Paul L. Hoffman, a California lawyer representing Nigerian nationals claiming killing and torture in their homeland, faced claims that his approach would mean no limits on a worldwide pursuit of human rights justice, potentially disrupting diplomatic relations generally. Kathleen M. Sullivan, a New York lawyer for the big foreign oil companies sued in the case and seeking to head off almost all ATS claims, encountered suggestions that her view would cut back even on ATS claims that the Court has already allowed. And U.S. Solicitor General Donald B. Verrilli, Jr., arguing against the Kiobel claim but pleading to keep the courts open to at least some ATS cases, ran up against arguments that he was switching away unpersuasively from the more clear-cut position taken by the government in the past.
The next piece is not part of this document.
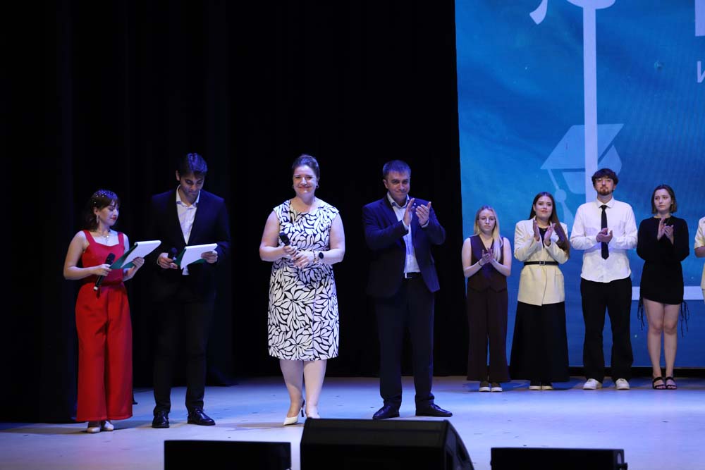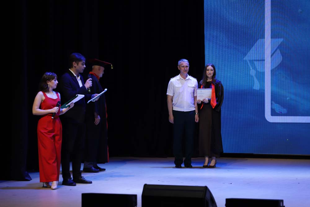 Церемонию вручения дипломов сопровождали выступления творческих коллективов университета, которые подарили зрителям вокальные и танцевальные номера.
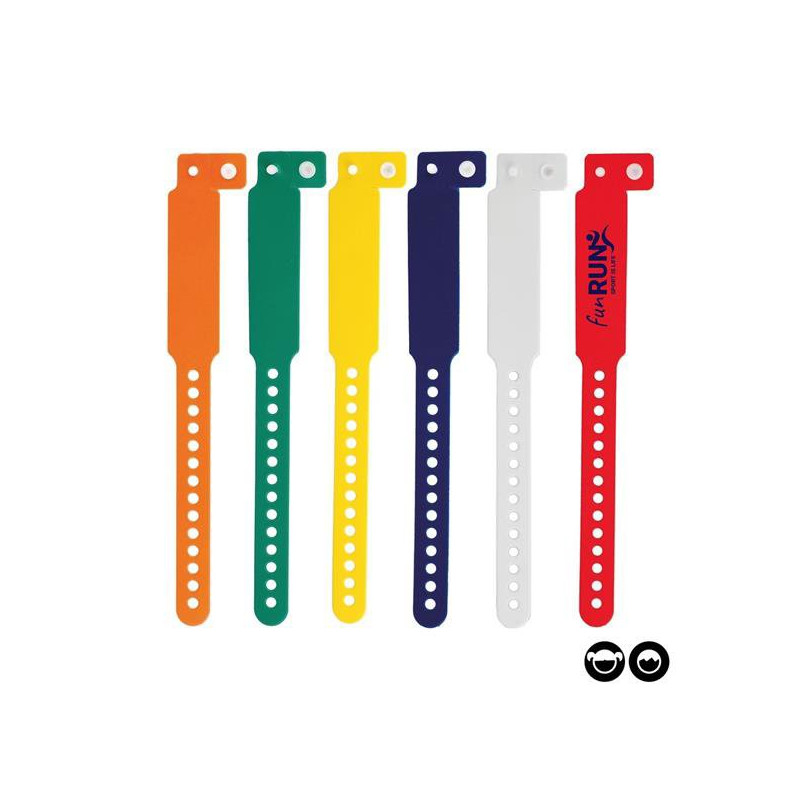 Pulseira de identificação inviolável de criança, em vinil. Para as festas, eventos ou locais onde precisa de controlar as entradas, apresentamos-lhe a opção de pulseira em vinil, resistente à água e inviolável. Personalize-a e tenha um controlo que se pode tornar numa recordação. Em gama de cores variadas. Tamanho infantil.

The case was before the Court last Term, focusing on the question of whether corporations could be sued under ATS. Rather than decide that question, though, the Justices told lawyers to come back this Term with arguments on whether the ATS was meant to have any application to claims by foreigners against foreigners for foreign conduct. Justice Samuel A. Alito, Jr., who began pressing that more basic issue at the prior hearing, was again wondering on Monday why the Kiobel case had any justification for its presence on an American court’s docket. Aside from Justice Stephen G. Breyer, who appeared to be making some efforts to salvage this case from dismissal, no other member of the Court appeared to be its champion. Beyond that, though, there was no apparent consensus.
One task that most of the Justices seemed to agree they faced, as they now move toward a decision on Kiobel, is how to interpret the Court’s most important precedent up to now on the ATS’s scope: the 2004 decision in Sosa v. Alvarez-Machain. That decision barred an ATS lawsuit by a Mexican national against other Mexicans for incidents that occurred in Mexico, but it also was a dispute that had a U.S. connection. The Sosa precedent, though, did indicate that some other ATS claims might fare better, without giving any specific guidance on which ones might.
The Sosa ruling came up repeatedly in Monday’s discussion, and the Justices pressed the oil companies’ lawyer on whether the Court would have to overrule that decision in order to rule for those companies. Their lawyer said no, but she also left the impression that, unless Congress had authorized any such lawsuits that reached outside the borders of the U.S., any such case should be blocked from U.S. courts.
An idea floated by Justice Alito, and also pursued by Justice Breyer, was whether the courts on encountering an ATA case could get guidance from the State Department on whether the case threatened U.S. relationships with other countries if the case were allowed to go forward, with that guidance getting at least some solid respect from the courts. Attorney Hoffman appeared to embrace the idea, but some Justices wondered whether the courts would actually accept the State Department’s advice. Hoffman also tried to save some significant ATS discretion in the courts by arguing that judges have the tools to keep those cases from reaching too far. There also was some discussion of whether an ATS case should be barred if the suing party had not first tried to get some remedy in the country where the alleged international law violations had occurred.
Justice Sonia Sotomayor seemed to gain some traction by embracing an idea put forth in a brief from the European Commission, which would limit ATS cases to those in which a judicial forum was really the only one in which some remedy for human rights violations might be obtained — what Sotomayor called “a forum by necessity” whose powers would be clearly defined and limited.
Justice Alito spoke what appeared to be the sentiment of several members of the Court in defending the fairness of foreign courts to handle claims of atrocities that occurred within their borders.